A psychiatric test showed "poor judgment and insight.
The raw data wasn't enough?


erikaj - Apr 25, 2006 12:24:44 pm PDT #3526 of 10002
Always Anti-fascist!

my mom always said "say it in cash," My mom has kind of a loner streak though...is that a strange thing to say about your mother? (funny Secretary crosspost)


tommyrot - Apr 25, 2006 12:27:34 pm PDT #3527 of 10002
Sir, it's not an offence to let your cat eat your bacon. Okay? And we don't arrest cats, I'm very sorry.

A psychiatric test showed "poor judgment and insight.

The raw data wasn't enough?

Well, they would have said he showed good judgement if he had good reasons to shoot nails into his head...


§ ita § - Apr 25, 2006 12:29:34 pm PDT #3528 of 10002
Well not canonically, no, but this is transformative fiction.

NAIL GUN? My lord, I never imagined people too stupid to die.

Unrelatedly...

At paintball this past weekend, I took a paintball shot to my face which spattered through the mask into and onto my mouth. Disgusting, and I was trying to act vaguely polite and not spit everywhere.

Once the mask came off, amd most of the taste was out of my mouth, I stopped bothering with it. One of our party looks at me.

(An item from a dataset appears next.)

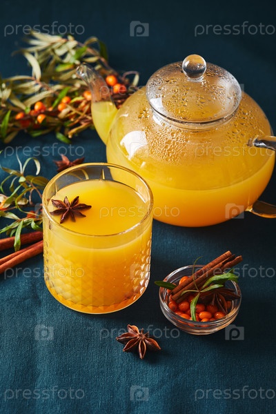 Стеклянный чайник и стакан чая морского терна с палочками корицы и звездным анисом на синем фоне
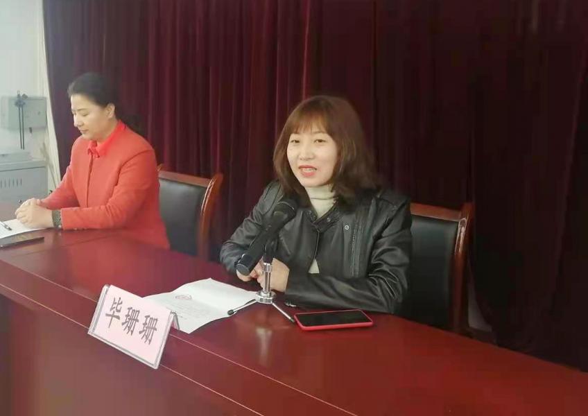 ? ? ? ?德城區新湖街道辦事處婦聯主席畢珊珊宣讀《關于同意成立德州陽光大姐家政服務有限公司婦女委員會的批復》。

"ita, you have green..." He gestures to his mouth.
"I know. I wish I'd been hit by a pink one instead. It'd look more..."
"Natural?"
"Yes."

And then we speak in unison, him offering "Like lipstick?" at the same time I state "Like blood."

He laughs and turns to the guy next to him, presenting the story as an illuminating tale of my psyche.

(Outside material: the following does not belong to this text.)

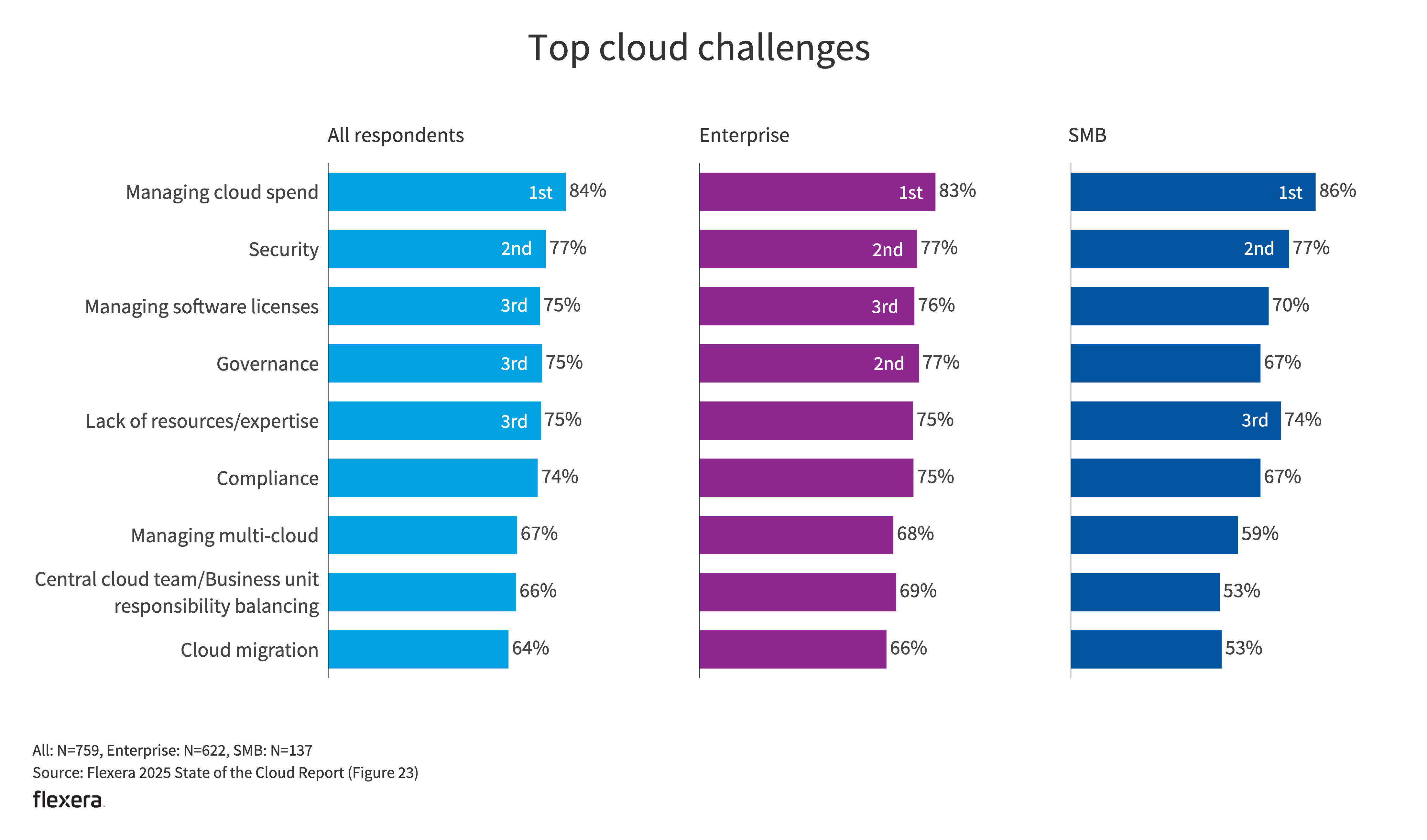 For the first decade of the report, security held the top spot for cloud challenges, but for the third year in a row, managing cloud spend (84%) is maintaining its number one spot for all respondents. As additional workloads, and the associated spend, find their way into the cloud, the need to manage and optimize this spend becomes paramount. Security always is—and always should be—a top concern in the digital age. Seventy-five percent said top challenges for all organizations include governance, managing software licenses and a lack of resources/expertise.

Yesterday at krav, the instructor asks me if I have lipstick I can sacrifice for class. I run to my car and notice that I have lip gloss, and I offer him what's left of it, but I realise he needs something very bright and opaque.

Never got to do the drill he wanted--apparently he couldn't find a woman in the centre who a) used lipstick and b) was willing to admit it to sell him the tube she had on her.

I don't know if all of us women would have gone to pink is more like blood over pink is more like lipstick, but I think I'd have been in some decent company.


Trudy Booth - Apr 25, 2006 12:29:39 pm PDT #3529 of 10002
Greece's financial crisis threatens to take down all of Western civilization - a civilization they themselves founded. A rather tragic irony - which is something they also invented. - Jon Stewart

Well, they would have said he showed good judgement if he had good reasons to shoot nails into his head...

Like if it squeaked when you stepped on it?


Sheryl - Apr 25, 2006 12:33:54 pm PDT #3530 of 10002
Fandom means never having to say "But where would I wear that?"

Timelies all!

Concert last night was good.(even if the trio was only a duo)Tired.(yeah, what else is new?)